TASK TO COMPLETE - All the lines below should be set down exactly, with no picture carried into the copy.

RAW DATA -
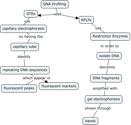 This Concept Map, created with IHMC CmapTools, has information related to: DNA Profiling, DNA fragments amplified with gel electrophoresis, RFLPs use Restriction Enzymes, STRs use capillary electrophoresis, DNA Profiling uses STRs, repeating DNA sequences which appear in fluorescent peaks, isolate DNA becomes DNA fragments, DNA Profiling uses RFLPs, repeating DNA sequences which appear in fluorescent markers, capillary tube identify repeating DNA sequences, capillary electrophoresis by having the capillary tube, gel electrophoresis shown through bands, Restriction Enzymes in order to isolate DNA
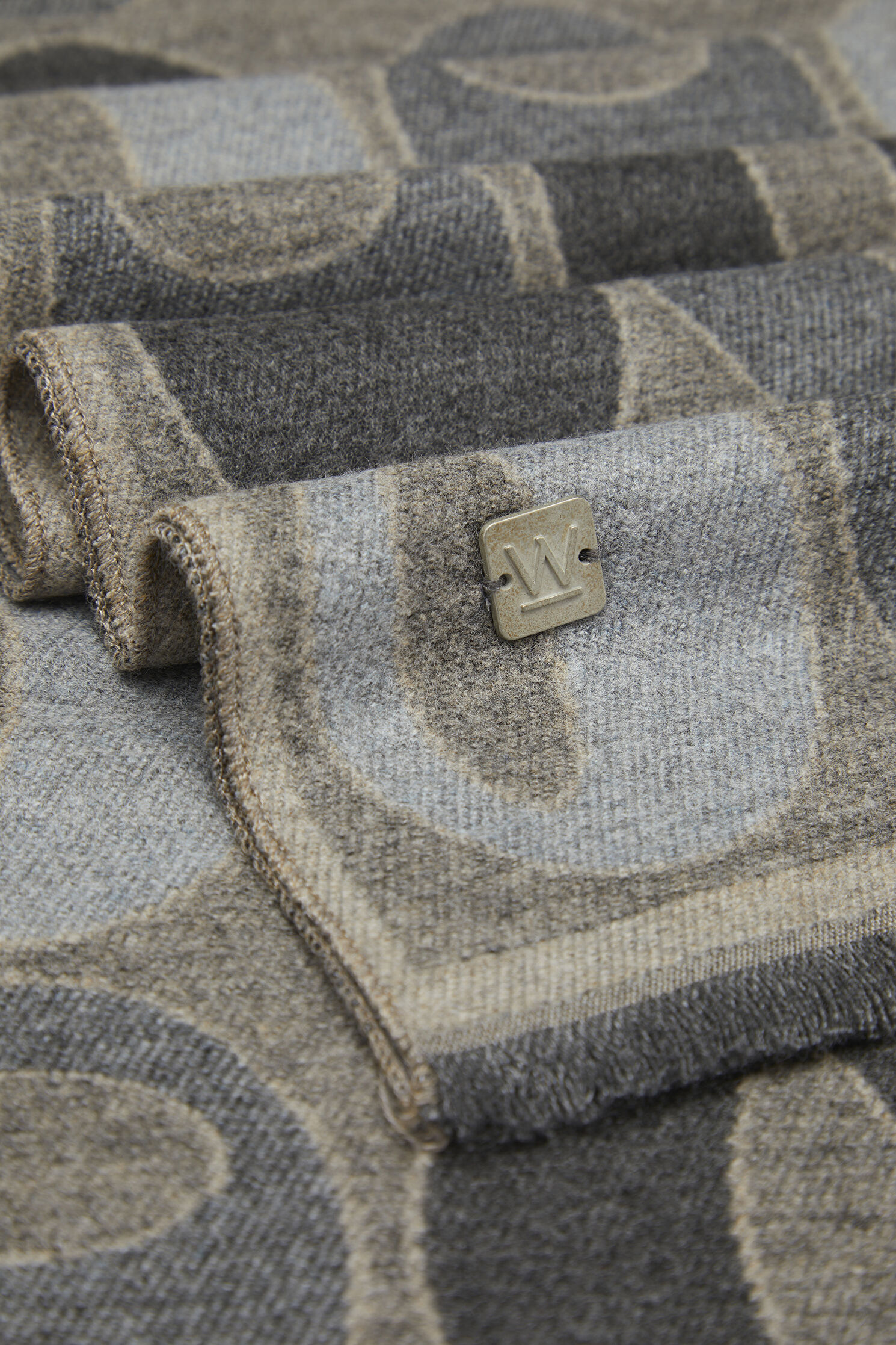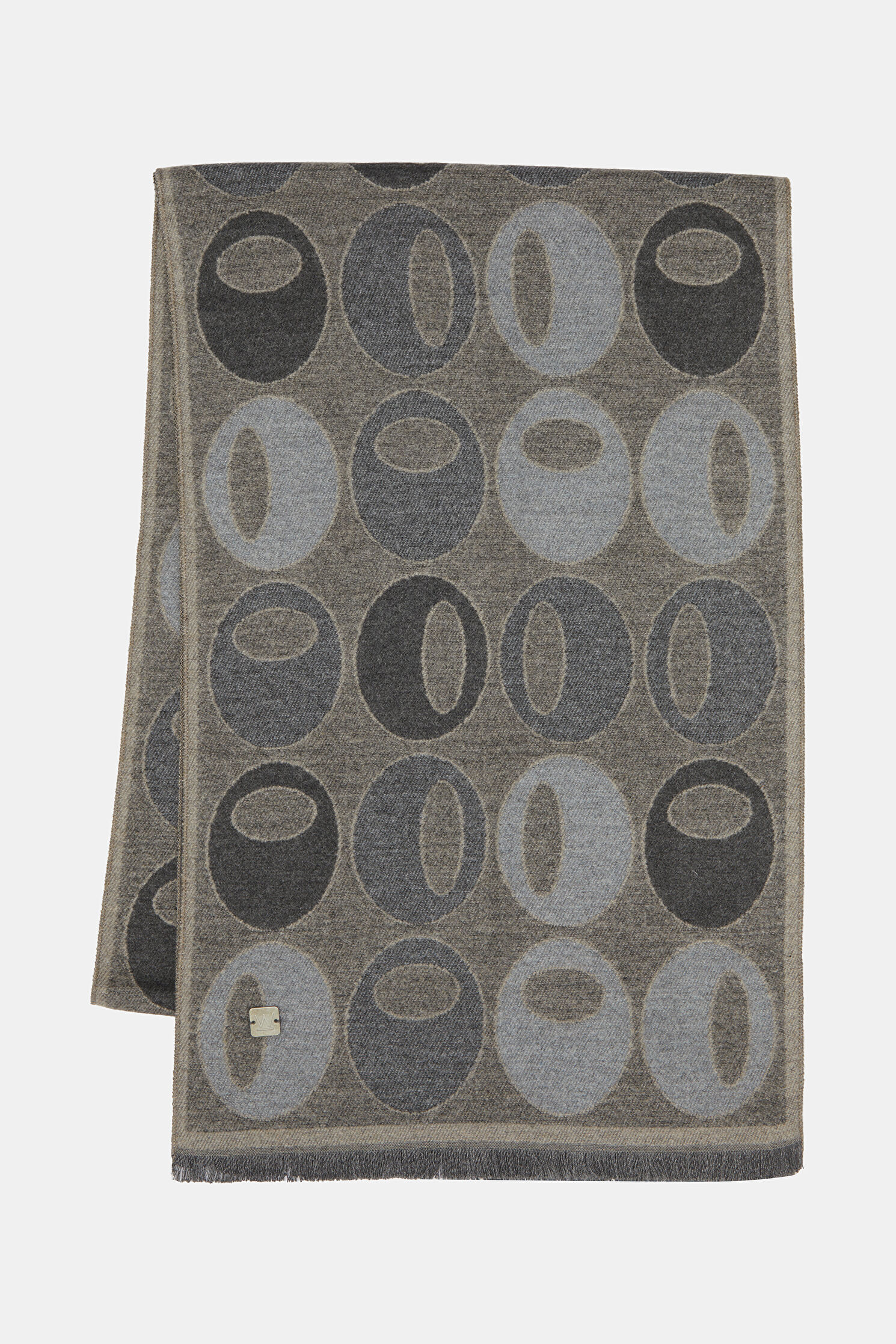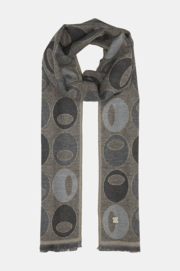 Bej, gri renkli W Collection kaşkol, desenleri ve püskül detayları ile dikkat çekiyor.
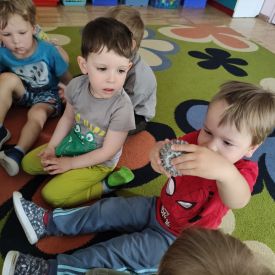 W ciągu ostatnich dwóch tygodni przedszkolaki z każdej grupy wzięły udział w zajęciach sensorycznych prowadzonych przez psychologa. Zajęcia rozpoczęła seria wyciszających ćwiczeń redukujących napięcie, a ich główny temat skoncentrowany był wokół wielozmysłowej historii, której można było nie tylko wysłuchać, ale także i dotknąć. W ten sposób przedszkolaki doskonaliły percepcję dotykową oraz sprawność motoryki małej. Przede wszystkim jednak zajęcia te obudziły dziecięcą ciekawość i były źródłem dobrej zabawy.
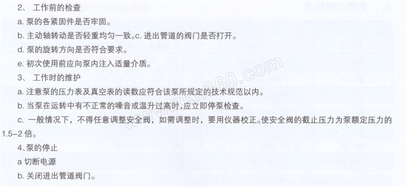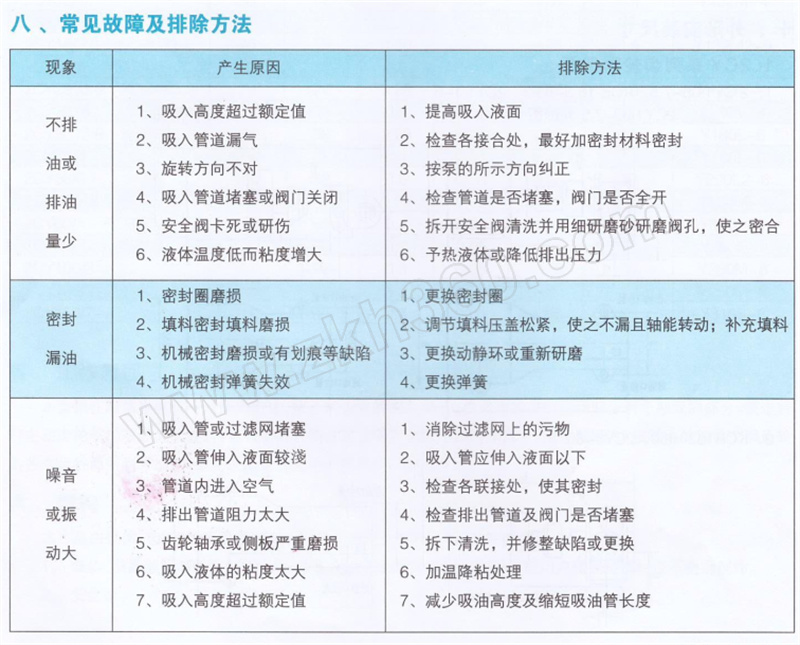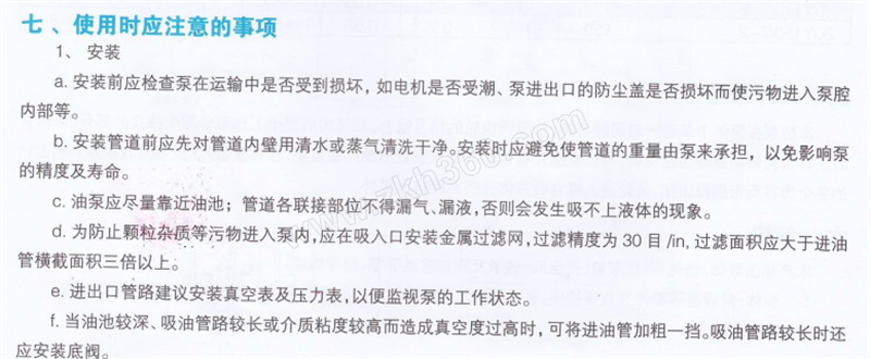 1、安装前务必去除进、出油口内的封口纸板,并向泵内注入适量被输送介质。 2、安装时严禁泵及管道内存留杂物。 3、建议在泵的进、出油口管路上分别安装真空表及压力表,用以 监控泵的工作状态。 4、检查电机转向是否正确。 5、严禁长时间超负荷运行。 6、严禁无液空转。 7、请勿随意调整安全阀,如确有必要,一定要用仪器调至规定压力。

SOLVED EXERCISE -
 This Concept Map, created with IHMC CmapTools, has information related to: DNA Profiling, DNA fragments amplified with gel electrophoresis, RFLPs use Restriction Enzymes, STRs use capillary electrophoresis, DNA Profiling uses STRs, repeating DNA sequences which appear in fluorescent peaks, isolate DNA becomes DNA fragments, DNA Profiling uses RFLPs, repeating DNA sequences which appear in fluorescent markers, capillary tube identify repeating DNA sequences, capillary electrophoresis by having the capillary tube, gel electrophoresis shown through bands, Restriction Enzymes in order to isolate DNA
 Bej, gri renkli W Collection kaşkol, desenleri ve püskül detayları ile dikkat çekiyor.
 W ciągu ostatnich dwóch tygodni przedszkolaki z każdej grupy wzięły udział w zajęciach sensorycznych prowadzonych przez psychologa. Zajęcia rozpoczęła seria wyciszających ćwiczeń redukujących napięcie, a ich główny temat skoncentrowany był wokół wielozmysłowej historii, której można było nie tylko wysłuchać, ale także i dotknąć. W ten sposób przedszkolaki doskonaliły percepcję dotykową oraz sprawność motoryki małej. Przede wszystkim jednak zajęcia te obudziły dziecięcą ciekawość i były źródłem dobrej zabawy.
 1、安装前务必去除进、出油口内的封口纸板,并向泵内注入适量被输送介质。 2、安装时严禁泵及管道内存留杂物。 3、建议在泵的进、出油口管路上分别安装真空表及压力表,用以 监控泵的工作状态。 4、检查电机转向是否正确。 5、严禁长时间超负荷运行。 6、严禁无液空转。 7、请勿随意调整安全阀,如确有必要,一定要用仪器调至规定压力。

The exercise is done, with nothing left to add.